En l'espèce, en ne vérifiant pas suffisamment la réalité des signatures électroniques attribuées aux emprunteurs par un processus certifié de 'signature électronique qualifiée' la société Younited a commis une faute de négligence qui a entraîné un préjudice pour les époux [R].
A ce titre, il n'est pas contesté :
Que le capital a été versé par la société Younited sur le compte bancaire ouvert à la Caisse d'épargne 'Grand Est Europe' des époux [R] le 03 mars 2020. (Pièce n° 13)

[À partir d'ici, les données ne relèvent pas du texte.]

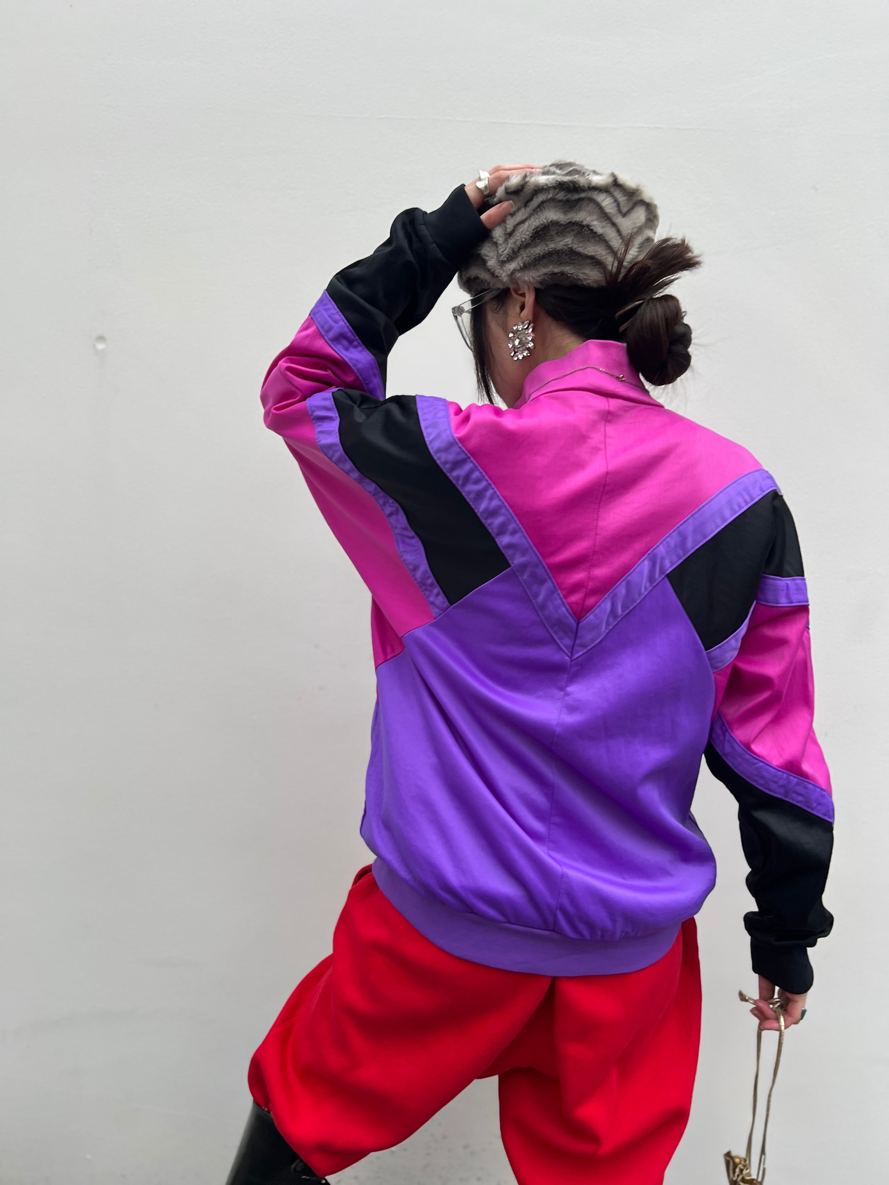 ピンク×パープル×ブラックのナイロンブルゾン。

Que par mail du 10 mars 2020 à l'en tête des 'Furets.com' il est demandé à M. et Mme [R] de transférer la somme reçue (23 500 €) sur un compte sensé être celui de la société Cofidis mais qui s'est en réalité avéré être un compte de captage frauduleux des sommes. (Pièce n° 1)

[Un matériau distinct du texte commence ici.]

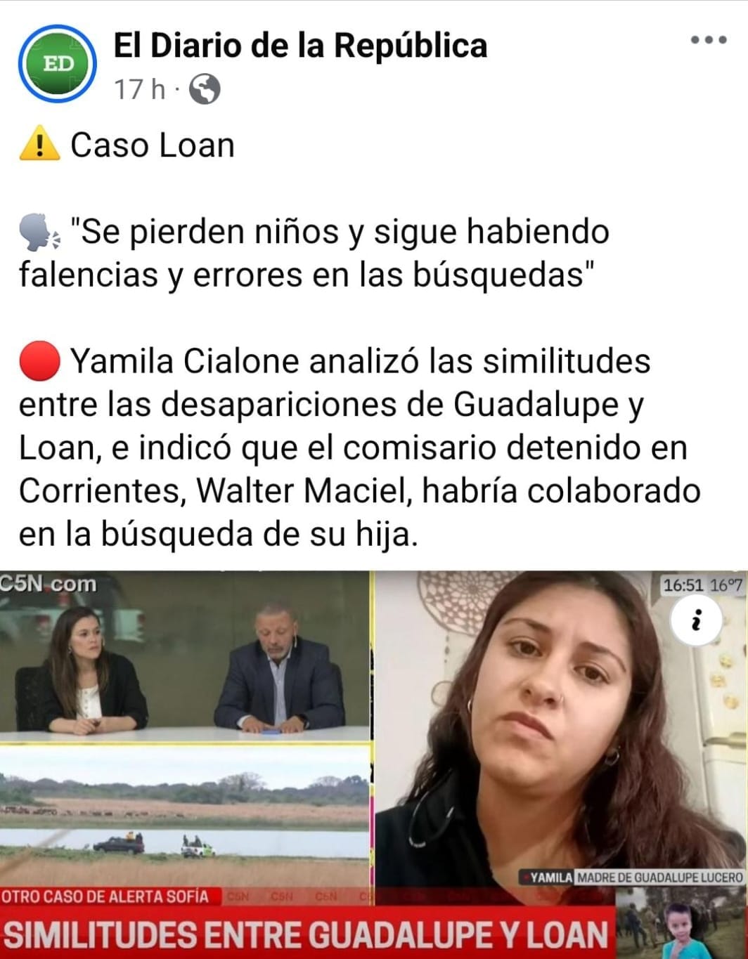 Fue la misma madre de Guadalupe quien dijo en su Facebook, “BUEN DIA! a tantos comentarios msj y publicaciones que veo … Tengo q salir a anunciar que … En base al caso de Loan y del comisario detenido. Publicaré el comunicado desde una persona allegada a SIFEBU… Yo misma Consulte sobre eso q se dice del tal comisario y eso me respondieron…. «Nos llegó el comentario hace unos días y lo chequeamos con la poli de san Luis, a nadie le suena. SI ubiera sido así les sonaría por lo escandaloso. Lo que es muy raro es que de una policia provincial pueda ser transferido a otra, suena improbable, cada provincia tiene su cuerpo policial y es ajeno a las policias de otras provincias. » . Gerardo Nicolás Orengo”

Que le 11 mars 2023 M. et Mme [R] ont procédé au virement de la somme de 23 089,68 € sur le compte indiqué (pièce n° 14)
Il s'ensuit que les manoeuvres des personnes s'étant présentées sous couvert du site 'Les Furets.com' ont créé un dommage à M. et Mme [R], dommage pour lequel ces derniers n'ont aucune possibilité effective de récupérer les fonds transmis, s'agissant vraisemblablement d'une escroquerie par l'intermédiaire d'un compte bancaire 'off shore'.
Le dommage causé à M. et Mme [R] s'établit à hauteur du capital prêté et disparu.
En conséquence, sans qu'il soit besoin de répondre aux autres moyens des parties, la décision déférée sera infirmée de ce chef et M. et Mme [R] seront dispensés de rembourser à la société Younited le capital du prêt du 24 février 2020.
4/ Sur les dépens et les frais irrépétibles de première instance :
Le sens de la présente décision conduit également à infirmer la décision déférée en ce qu'elle a laissé à la charge de M. et Mme [R] les dépens et les frais irrépétibles de première instance.
Il conviendra de dire que la société Younited sera tenue aux dépens de première instance et que chacune des parties conservera la charge des frais irrépétibles de la première instance.
5/ Sur les dépens et les frais irrépétibles d'appel :
Il ressort des articles 596 et 700 du code de procédure civile que la partie perdante est tenue aux dépens et doit, sauf décision contraire, supporter les frais irrépétibles de l'instance.
La société Younited, qui succombe à l'appel, devra donc supporter la charge des dépens d'appel et sera tenue de payer à M. et Mme [R] la somme de 1 000,00 € sur le fondement de l'article 700 du code de procédure civile.
Par ces motifs
La cour, statuant dans les limites de la déclaration d'appel, publiquement par décision contradictoire
Infirme en toutes ses dispositions le jugement rendu par le juge des contentieux de la protection du tribunal judiciaire de Châlons en Champagne le 23 septembre 2022.
Statuant de nouveau :
Déclare nul et de nul effet pour défaut de signature des emprunteurs, le contrat de prêt souscrit le 24 février 2020 entre la SA Younited d'une part et M. [L] [R] et Mme [S] [T] épouse [R] d'autre part.
Constate la faute commise par la société Younited dans le recueil des signatures électroniques des emprunteurs.
Fixe le préjudice subi par les M. et Mme [R] au montant du capital versé par la société Younited.
Déboute en conséquence la SA Younited de toutes ses demandes en paiement dirigées à l'encontre de M. et Mme [R], tant au visa du contrat de prêt que sur le fondement des articles 1302,1302-3, 1352 et suivants du code civil.
Condamne la société Younited aux dépens de première instance.
Dit que chaque partie conservera la charge de ses propres frais irrépétibles engagés en première instance.
Y ajoutant :
Condamne la SA Younited aux dépens de l'appel.
Condamne la SA Younited à payer à M. [L] [R] et Mme [S] [T] épouse [R] la somme globale de 1 000,00 € (mille euros) sur le fondement de l'article 700 du code de procédure civile au titre des frais irrépétibles d'appel.